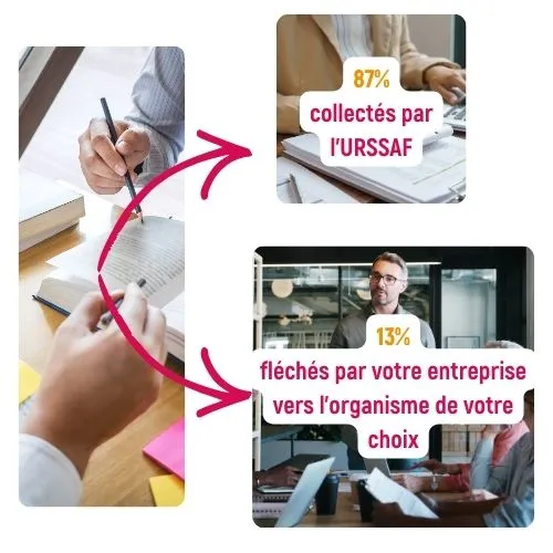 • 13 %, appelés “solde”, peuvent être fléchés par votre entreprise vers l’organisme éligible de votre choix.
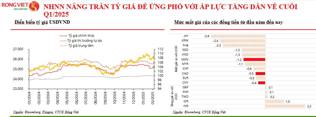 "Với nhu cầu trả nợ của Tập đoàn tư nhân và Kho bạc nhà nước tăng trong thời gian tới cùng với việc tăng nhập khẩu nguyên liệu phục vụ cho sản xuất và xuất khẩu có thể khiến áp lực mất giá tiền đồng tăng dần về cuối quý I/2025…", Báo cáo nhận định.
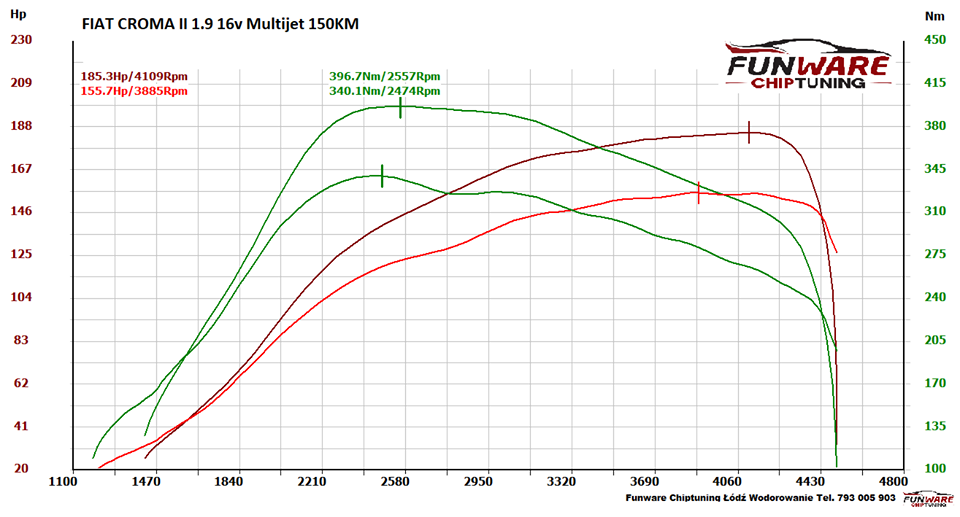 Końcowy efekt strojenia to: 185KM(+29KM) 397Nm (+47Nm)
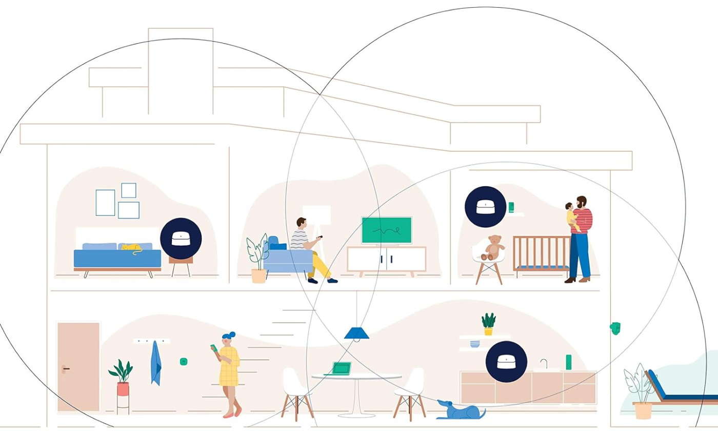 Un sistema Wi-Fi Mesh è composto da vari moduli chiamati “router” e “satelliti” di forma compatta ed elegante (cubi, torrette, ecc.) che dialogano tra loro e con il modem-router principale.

───

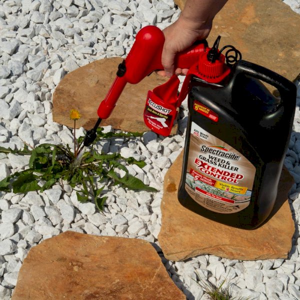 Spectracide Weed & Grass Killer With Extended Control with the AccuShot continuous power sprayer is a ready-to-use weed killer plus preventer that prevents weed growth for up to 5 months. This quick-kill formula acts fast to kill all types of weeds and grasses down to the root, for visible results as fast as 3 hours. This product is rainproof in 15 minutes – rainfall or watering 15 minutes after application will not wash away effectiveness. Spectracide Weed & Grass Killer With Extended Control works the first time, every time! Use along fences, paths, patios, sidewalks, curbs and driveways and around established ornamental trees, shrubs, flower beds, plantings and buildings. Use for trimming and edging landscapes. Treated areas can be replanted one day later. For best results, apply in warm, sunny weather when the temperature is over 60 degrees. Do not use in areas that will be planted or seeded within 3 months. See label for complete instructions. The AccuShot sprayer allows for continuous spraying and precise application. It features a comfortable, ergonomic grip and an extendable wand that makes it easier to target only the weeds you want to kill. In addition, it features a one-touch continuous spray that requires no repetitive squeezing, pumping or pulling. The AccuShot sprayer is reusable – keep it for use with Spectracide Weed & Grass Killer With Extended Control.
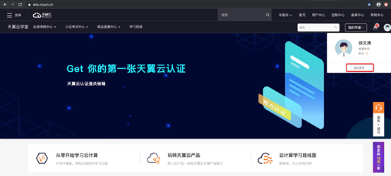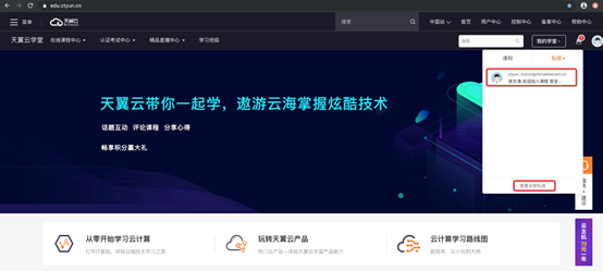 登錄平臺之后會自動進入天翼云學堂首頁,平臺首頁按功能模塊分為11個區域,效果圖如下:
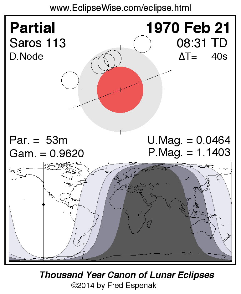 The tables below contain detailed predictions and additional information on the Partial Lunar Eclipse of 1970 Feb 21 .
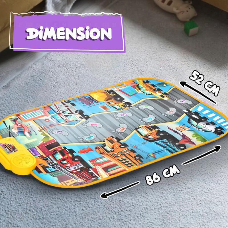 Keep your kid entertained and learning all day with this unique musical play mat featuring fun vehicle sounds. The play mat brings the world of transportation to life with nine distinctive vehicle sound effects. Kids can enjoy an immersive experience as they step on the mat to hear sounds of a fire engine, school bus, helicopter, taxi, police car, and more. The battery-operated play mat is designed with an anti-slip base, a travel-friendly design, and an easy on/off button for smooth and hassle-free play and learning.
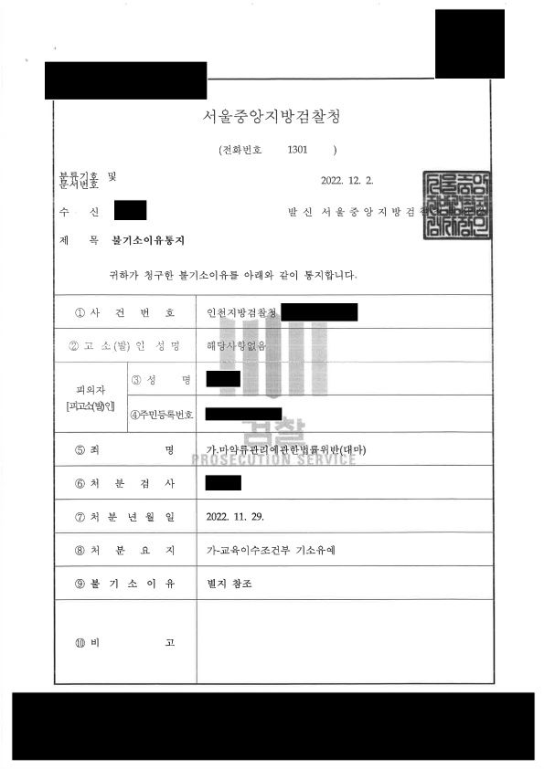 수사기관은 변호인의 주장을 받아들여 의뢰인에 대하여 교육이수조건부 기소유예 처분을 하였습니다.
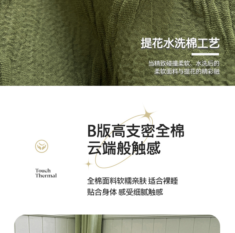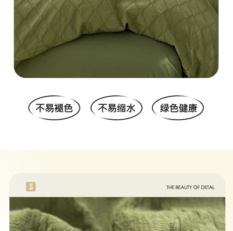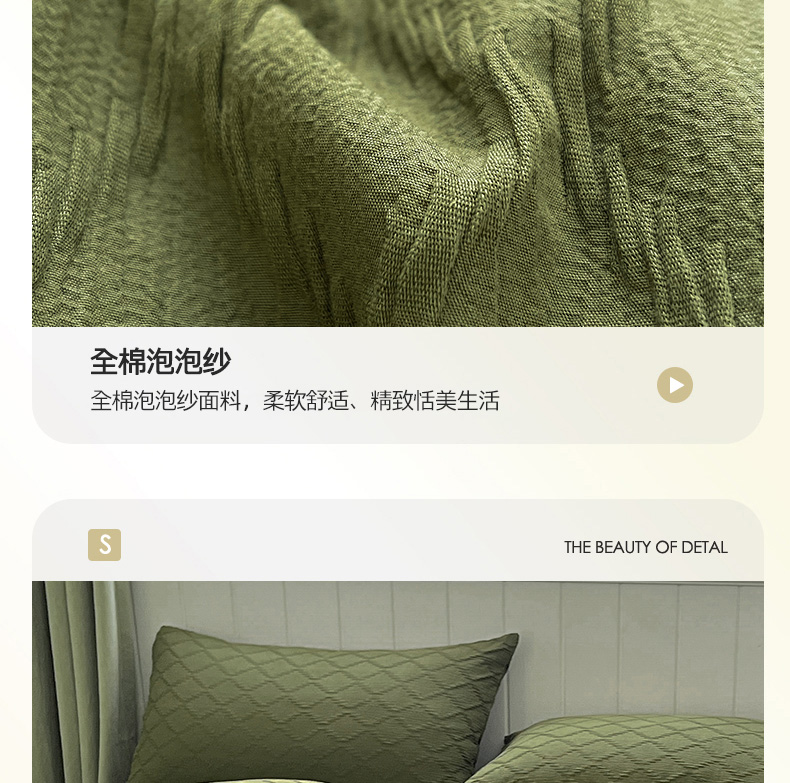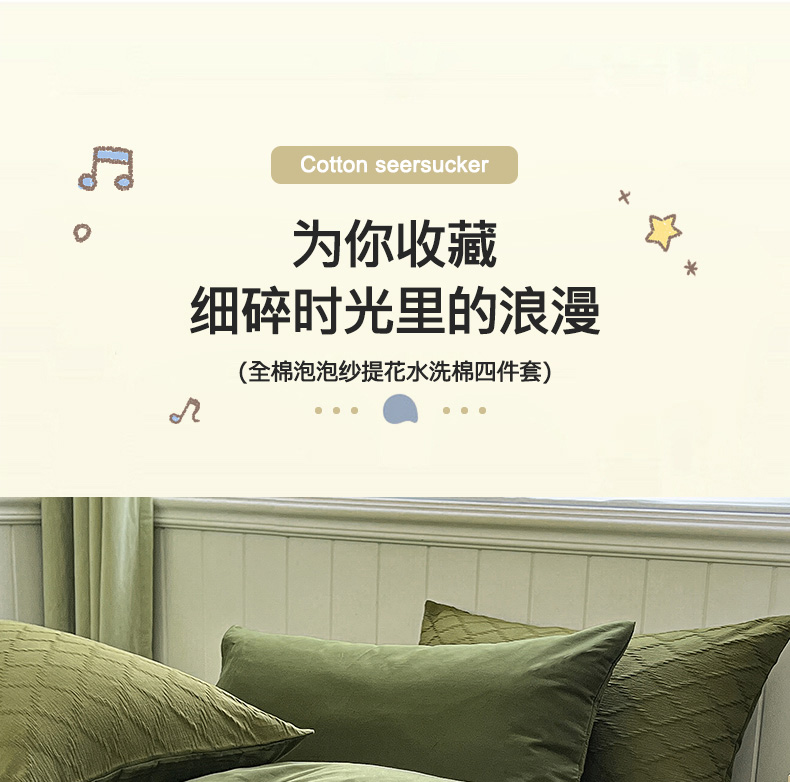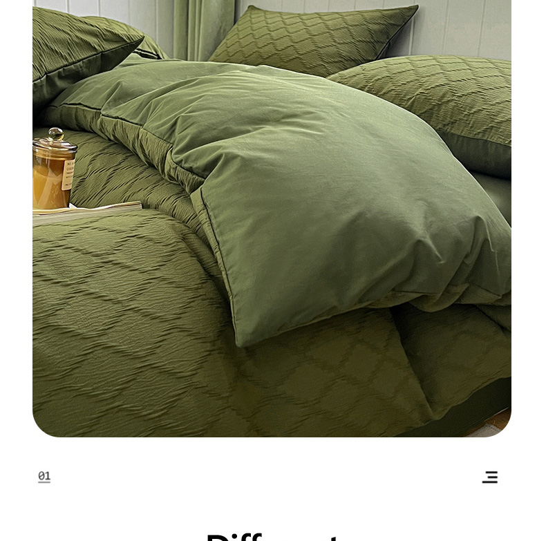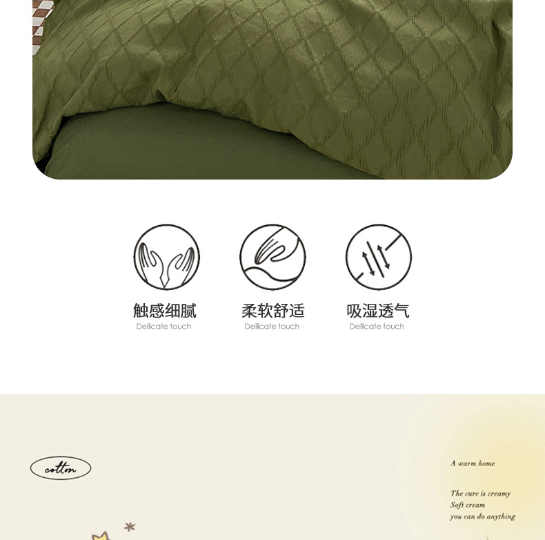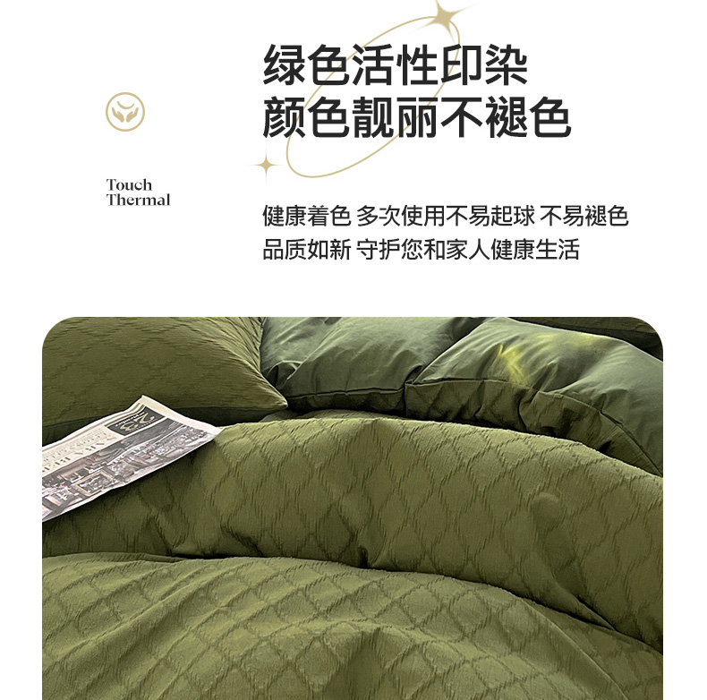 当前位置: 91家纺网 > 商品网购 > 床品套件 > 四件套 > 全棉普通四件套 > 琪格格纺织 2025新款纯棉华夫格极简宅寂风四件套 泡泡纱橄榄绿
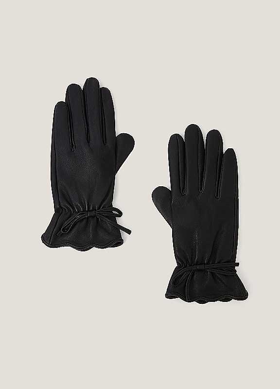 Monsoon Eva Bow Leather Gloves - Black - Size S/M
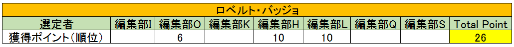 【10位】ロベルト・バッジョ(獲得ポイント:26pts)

───

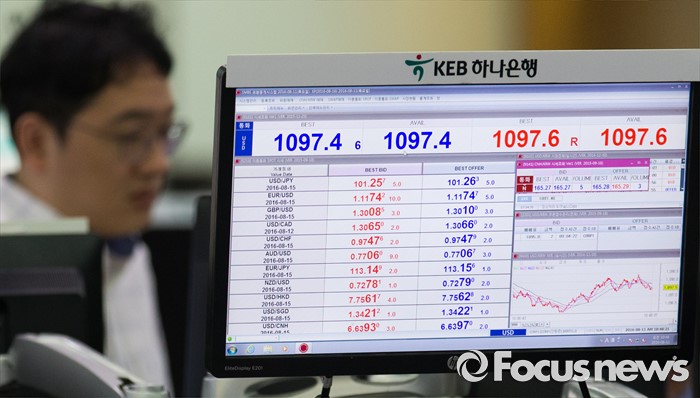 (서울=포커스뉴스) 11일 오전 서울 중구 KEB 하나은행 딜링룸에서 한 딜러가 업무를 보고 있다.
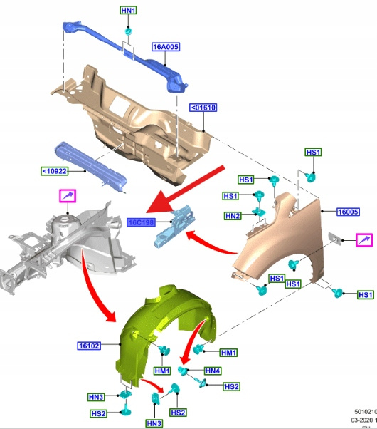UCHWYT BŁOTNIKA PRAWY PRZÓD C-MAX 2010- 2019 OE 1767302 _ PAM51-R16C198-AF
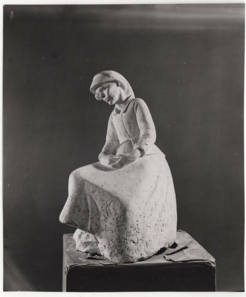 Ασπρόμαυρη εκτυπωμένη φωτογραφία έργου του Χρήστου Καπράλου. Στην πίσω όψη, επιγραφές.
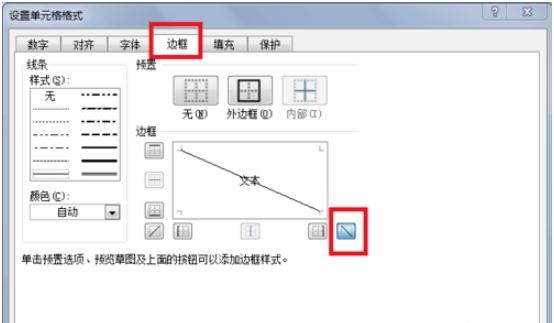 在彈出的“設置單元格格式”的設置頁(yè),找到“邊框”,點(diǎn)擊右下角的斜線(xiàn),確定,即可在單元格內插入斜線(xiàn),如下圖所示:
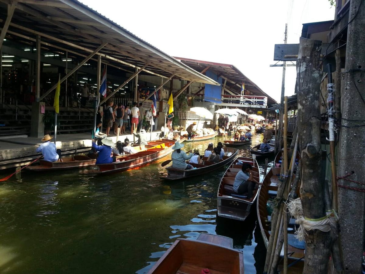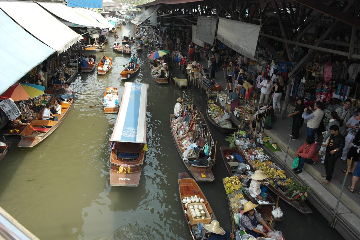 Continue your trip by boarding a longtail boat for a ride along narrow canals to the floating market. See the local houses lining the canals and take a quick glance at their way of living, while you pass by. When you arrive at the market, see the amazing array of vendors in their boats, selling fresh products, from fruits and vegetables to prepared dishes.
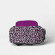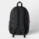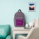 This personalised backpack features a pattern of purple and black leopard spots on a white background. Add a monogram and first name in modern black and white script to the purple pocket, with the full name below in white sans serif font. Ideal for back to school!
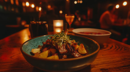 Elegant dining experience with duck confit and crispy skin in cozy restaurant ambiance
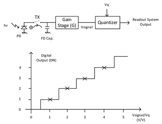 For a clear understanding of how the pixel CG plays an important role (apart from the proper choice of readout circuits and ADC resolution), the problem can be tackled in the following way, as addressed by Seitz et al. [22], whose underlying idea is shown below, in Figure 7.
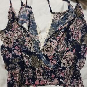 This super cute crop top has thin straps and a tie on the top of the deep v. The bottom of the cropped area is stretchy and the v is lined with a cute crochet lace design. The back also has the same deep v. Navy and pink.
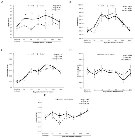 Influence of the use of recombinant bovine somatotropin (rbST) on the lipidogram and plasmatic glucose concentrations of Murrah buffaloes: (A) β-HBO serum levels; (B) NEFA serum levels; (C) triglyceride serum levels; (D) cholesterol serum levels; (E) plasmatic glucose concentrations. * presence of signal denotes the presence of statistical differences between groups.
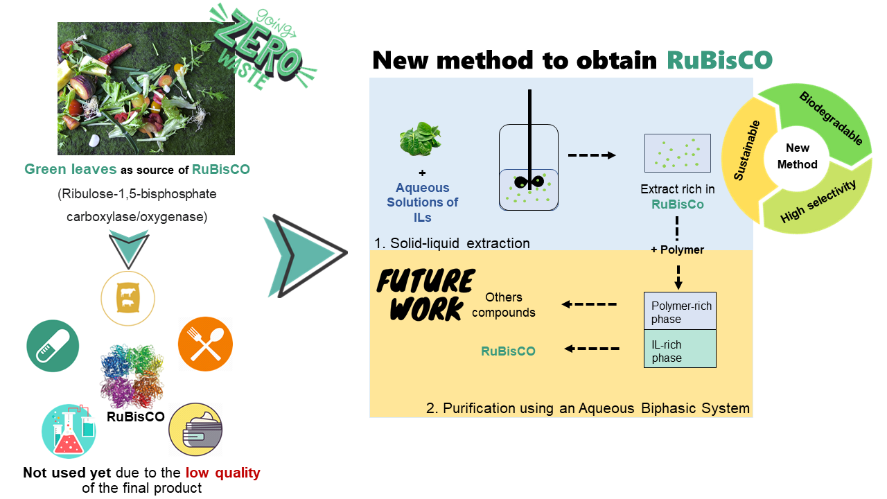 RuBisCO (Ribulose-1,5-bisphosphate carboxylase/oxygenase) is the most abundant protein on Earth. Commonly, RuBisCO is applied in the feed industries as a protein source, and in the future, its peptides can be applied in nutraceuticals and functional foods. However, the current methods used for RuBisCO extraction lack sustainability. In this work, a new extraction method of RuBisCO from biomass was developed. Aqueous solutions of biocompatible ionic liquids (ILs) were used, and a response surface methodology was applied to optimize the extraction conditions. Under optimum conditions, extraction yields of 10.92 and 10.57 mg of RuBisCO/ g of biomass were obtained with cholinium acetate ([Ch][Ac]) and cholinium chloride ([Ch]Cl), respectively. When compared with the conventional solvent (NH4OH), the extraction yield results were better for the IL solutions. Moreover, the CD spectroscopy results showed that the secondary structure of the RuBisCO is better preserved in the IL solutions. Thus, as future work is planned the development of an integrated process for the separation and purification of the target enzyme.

───

YOUR ASSIGNMENT:
Within the entries above, give again exactly the lines starting at the one that contains "de votre choix." and ending at the one that contains "cáo nhận định.", leaving out the pictures.

EXERCISE OUTPUT:
 • 13 %, appelés “solde”, peuvent être fléchés par votre entreprise vers l’organisme éligible de votre choix.
 "Với nhu cầu trả nợ của Tập đoàn tư nhân và Kho bạc nhà nước tăng trong thời gian tới cùng với việc tăng nhập khẩu nguyên liệu phục vụ cho sản xuất và xuất khẩu có thể khiến áp lực mất giá tiền đồng tăng dần về cuối quý I/2025…", Báo cáo nhận định.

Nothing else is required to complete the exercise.